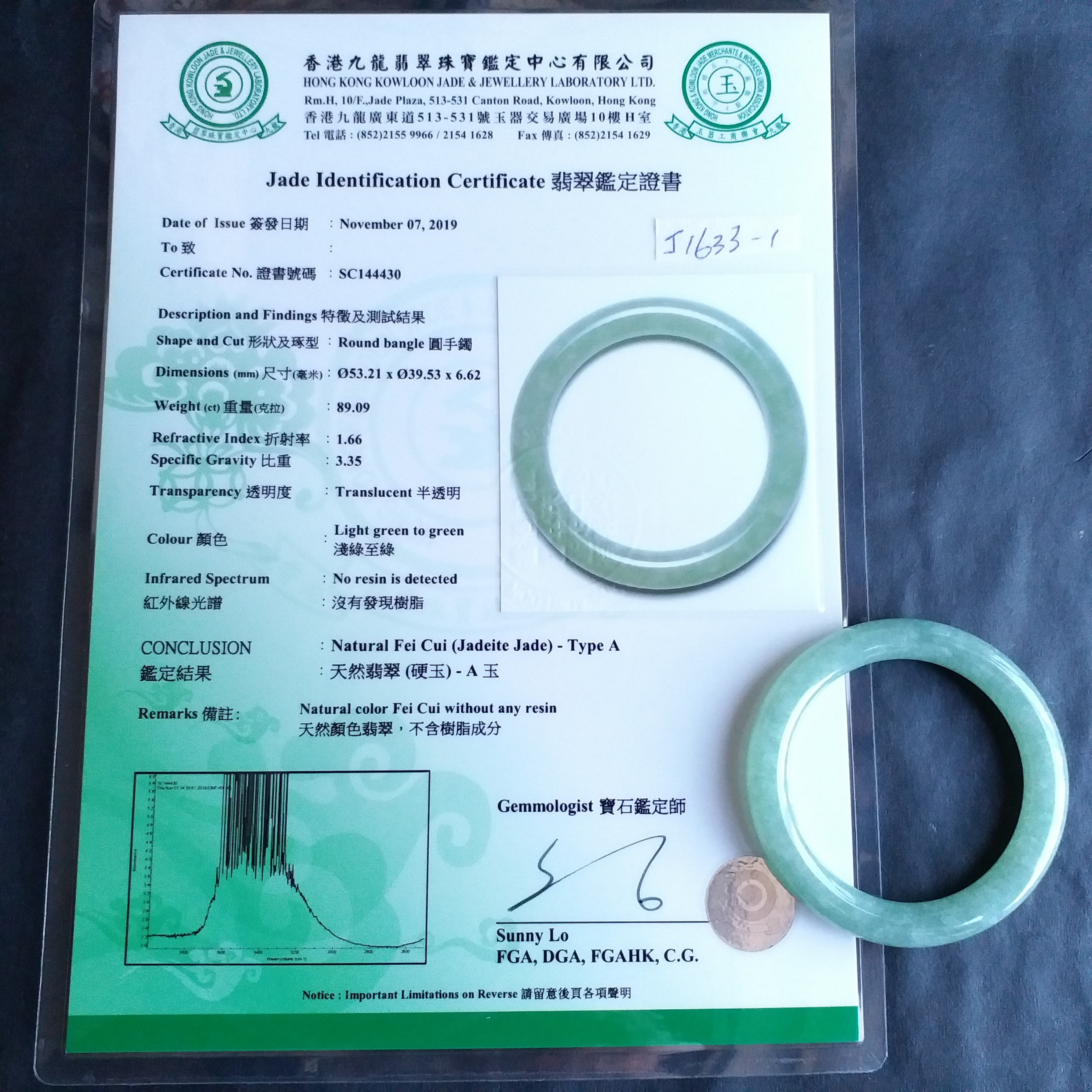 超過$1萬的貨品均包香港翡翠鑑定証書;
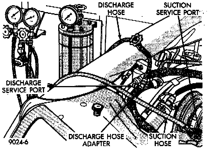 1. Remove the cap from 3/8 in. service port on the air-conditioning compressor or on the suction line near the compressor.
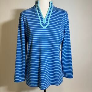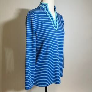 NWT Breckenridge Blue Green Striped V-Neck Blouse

□ □ □ □

## Assignment:
Repeat the material exactly and drop each image.

## Reply:
 超過$1萬的貨品均包香港翡翠鑑定証書;
 1. Remove the cap from 3/8 in. service port on the air-conditioning compressor or on the suction line near the compressor.
 NWT Breckenridge Blue Green Striped V-Neck Blouse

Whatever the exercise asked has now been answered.